Making world safe

The call to promote effective security of nuclear materials worldwide, made by the two-day Nuclear Security Summit held in Washington, highlights a major international concern which has deepened in recent years. The fact that 47 heads of government attended the summit shows the importance the international community attaches to nuclear security. The threat of pilferage of sensitive nuclear information and material and their falling into wrong hands is not unrealistic. Terrorist groups like al-Qaeda are known to be working to get access to nuclear weapons. The success of A Q Khan in selling nuclear secrets is well-known. The consequences of a terrorist group acquiring a nuclear device are unimaginable, and it is difficult to predict how the world will deal with a real Fifth Horseman scenario.

The communique and the work plan adopted by the summit seek to commit all countries to the best policies and practices of storage, use, transportation and disposal of nuclear materials so that leakage of sensitive information or materials is eliminated. There is need for co-operation and co-ordination between countries and there cannot be a difference between NPT signatories and others in this respect. Governments have a big responsibility in ensuring the safety of nuclear facilities within their borders. If Pakistan had taken sincere measures, A Q Khan would not have been able to do what he did. Good intelligence is also crucial in tracking the activities of dangerous groups and non-state actors and in ensuring that nuclear facilities are not penetrated by those who seek expertise or materials.

An initiative to establish the best practices for security was made by India, with Prime Minister Manmohan Singh announcing the setting up a Global Centre for Nuclear Energy Partnership.
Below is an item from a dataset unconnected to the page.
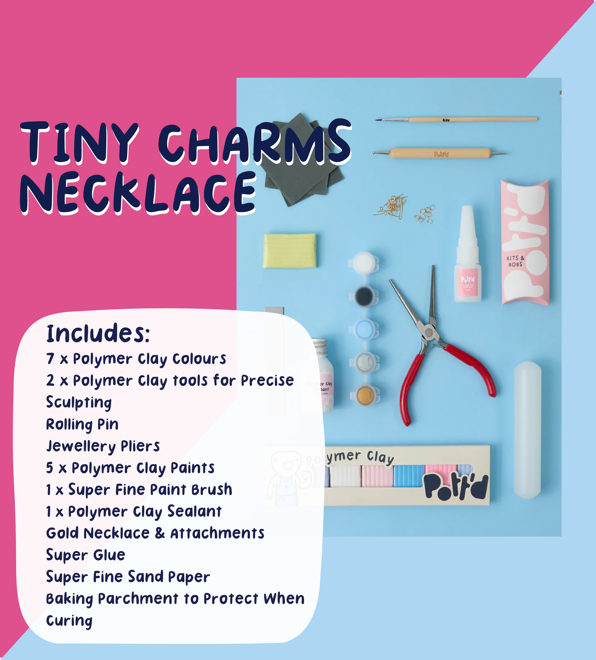 🌟 Tiny Charms Necklace – Create a dainty charm necklace with intricate polymer clay details, complete with a gold necklace and attachments for a beautifully finished piece.

The centre will do research and development in evolving safe, secure and proliferation-resistant design systems. The participants also accepted President Obama’s suggestion that all nuclear materials in the world should be secured in the next four years. Some countries also announced their decision to give up highly enriched uranium as a nuclear fuel. The decision of the US and Russia to dispose of a part of  their weapons grade plutonium stock is also a good signal. The key to total security, as the summit emphasised, is total commitment by all.